Federal Reserve officials, in their recent policy meeting minutes, indicated a potential pause in rate increases. They emphasized proceeding carefully and expected upcoming data to clarify the extent of a slowdown in inflation amid higher borrowing costs. Since their last meeting, no strong case has been made to raise rates at the upcoming meeting in December. Officials now see better-balanced risks between raising rates too much versus too little compared to earlier this year.

  • Officials raised the benchmark federal-funds rate in July to a 22-year high, responding to inflation concerns. The minutes noted a shift in the perceived risks and highlighted concerns of higher-than-expected inflation and lower-than-expected growth.
  • Economic projections in September suggested another rate increase this year, but recent data indicates a slowing economy. Market expectations predict the Fed holding rates steady through early 2024, with a nearly 60% chance of a rate cut in May.
  • Despite steady economic growth, job additions in October slowed, and wage growth and inflation have decreased. The minutes stressed the need for more evidence to be confident that inflation is on a path to the Fed's 2% target.
  • The Fed's pause in rate hikes, now around six months, aligns with positive economic data suggesting a 'soft landing.' However, officials, including Chair Jerome Powell, are cautious about declaring victory over inflation, recognizing past instances of unexpected reversals.
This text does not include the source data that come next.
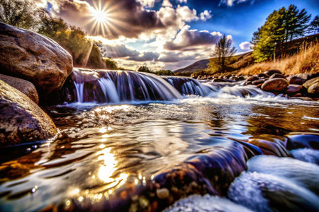 Tranquil scene of flowing water in autumn generated by artificial intelligence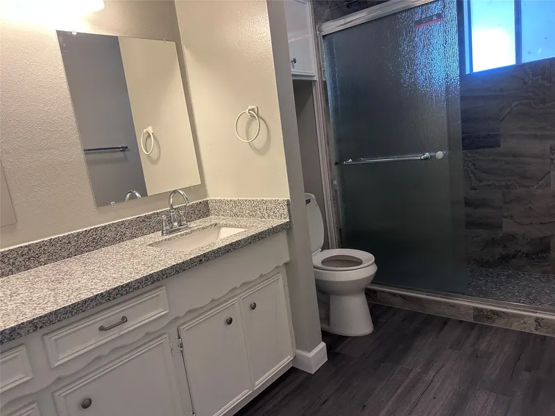 Spacious den with high ceiling and fireplace. Master bath has walk in shower. Large master bedroom and walk-in closets in all bedrooms. New tile floor, showers with designed backflash, rain classes, new granite bathroom sinks and granite countertop, fresh paint garage & brand-new roof. Never flooded.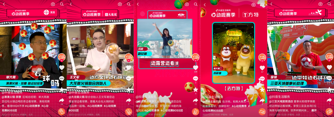 作为本次“心动观赛季”的亮点之一,“心动观赛Boss团”解锁了平台和品牌商家联动的全新方式,72家品牌BOSS从幕后走向前台,化身“推荐官”为品牌及活动打call。通过颇具趣味性的短视频、定制化的海报,搭配Boss场景化的推荐语,为用户带来100种新奇、新潮、有新意的观赛选择。无论是聚会观赛、独自观赛、亲子观赛等等,都能按照Boss安利的观赛方式激情看球,放肆狂欢。

Some officials express optimism about achieving a 'golden path' landing, with inflation falling without significant job losses. Chicago Fed President Austan Goolsbee highlighted the possibility, provided external shocks remain manageable.

Home Sales Fall

Home sales hit a 13-year low in October due to soaring interest rates and home prices, severely impacting the housing market. Affordability is at record lows, dissuading many potential buyers. Economist forecasts predict that existing-home sales for 2023 will be the lowest since at least 2011. In October, existing-home sales, a significant housing market component, dropped 4.1% to a yearly rate of 3.79 million, the lowest since August 2010. This represents a 14.6% decrease from the previous year, maintaining a trend seen in recent months.

  • Despite low demand, the limited supply of homes for sale persists, contributing to rising home prices nationally. The median existing-home price in October reached $391,800, a 3.4% increase from the previous year and the highest for any October since 1999.
  • Mortgage rates reached two-decade highs in the fall, impacting decisions made in August and September, contributing to the decline in October sales. While rates have fallen since late October, potential buyers may wait until after the holiday season to resume their searches.
  • Buyers, facing limited options and budget revisions due to rising mortgage rates, are navigating a challenging market. The time homes spend on the market has increased from 21 to 23 days compared to the previous year.

Despite the challenges, some buyers have found opportunities in the market, taking advantage of lower listing prices and increased negotiation power. Cash purchases accounted for 29% of October's existing-home sales. Finally, home-builder confidence fell for the fourth consecutive month in November, reflecting ongoing challenges in the housing sector. This downward trend underscores the broader difficulties in the real estate market.